Calculating Probability of Excited State of Harmonic Oscillator

[quickclick330]

Harmonic Oscillator

9. An ideal harmonic oscillator has energy levels separated by a constant 0.05 eV. That
is, the difference between the ground state and the first excited state of this oscillator is
an energy of 0.05 eV. This single oscillator is brought into contact with a large solid
composed of an enormous number of oscillators, and characterized by a temperature of
T=150 K. What is the probability that the single oscillator will be found in its first excited
state?
1. 0.021
2. 0.055
3. 0.098
4. 0.144
5. 0.234
6. 1.000


What relationship should I even start with? Thanks for the help!

 

[uber]

This is a simple Boltzmann factor problem.

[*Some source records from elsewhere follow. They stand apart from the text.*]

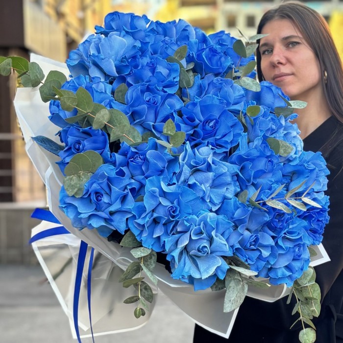 Букет из 25 пышных голубых роз с ароматным эвкалиптом — это стильное и универсальное решение для любого случая, которое не оставит равнодушным никого!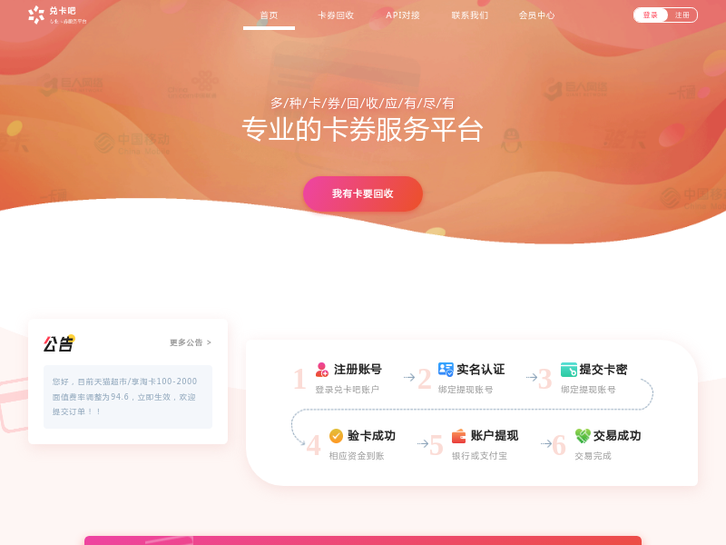 站点描述:兑卡吧专注点卡、充值卡回收,回收类目有电信、联通、移动话费卡回收;石化、石油加油卡回收;网易一卡通、骏网一卡通等游戏点卡回收;京东E卡回收、礼品卡回收、视频卡回收、游戏点卡回收转让寄售等。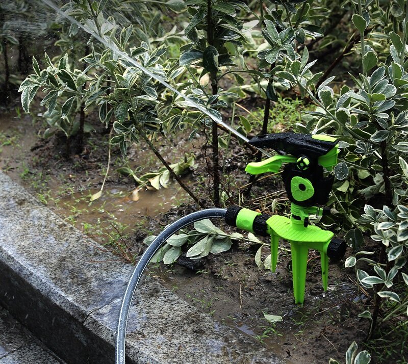Дождеватель-разбрызгиватель импульсный на 3-х пиках Deli DL581302 площадь орошения до 380кв.м, сектор полива 0-360 град, ударопрочный пластик

Recall that the probability of an individual energy level is:

exp(-e/(kT))/sum(exp(-ne/(kT))

where

e is the separation between energy levels
k is the Stefan-Boltzmann constant (make sure you get its units right!)
T is the absolute temperature

in this case, we can neglect all terms n > 1 as they decay rapidly to zero. Also, recal that the energy level for the ground state is 0.

That should help you complete the problem.

 

[ogb p]

I would approach this problem by first understanding the concept of thermal equilibrium and the Boltzmann distribution, which describes the probability of a system being in a particular energy state at a given temperature. In this case, the single oscillator is in contact with a large solid at a temperature of 150 K, which means that it will reach thermal equilibrium with the solid and follow the Boltzmann distribution.

Based on this understanding, the probability of the single oscillator being in its first excited state can be calculated using the following formula:

P(E1) = (g1/g0) * e^(-E1/kT)

where P(E1) is the probability of the oscillator being in its first excited state, g1 is the degeneracy (number of energy states) of the first excited state, g0 is the degeneracy of the ground state, E1 is the energy difference between the first excited state and the ground state, k is the Boltzmann constant, and T is the temperature.

In this case, g1 = 1 (since there is only one energy state at the first excited state), g0 = 1 (since there is only one energy state at the ground state), E1 = 0.05 eV, k = 8.617 x 10^-5 eV/K, and T = 150 K.

Plugging these values into the formula, we get:

P(E1) = (1/1) * e^(-0.05/8.617 x 10^-5 * 150)

= 0.021

Therefore, the probability of the single oscillator being in its first excited state is 0.021 or approximately 2.1%.

It is important to note that this calculation assumes that the oscillator is in thermal equilibrium with the solid and follows the Boltzmann distribution. Additionally, this calculation only considers the single oscillator and does not take into account any interactions or effects from the surrounding oscillators in the solid.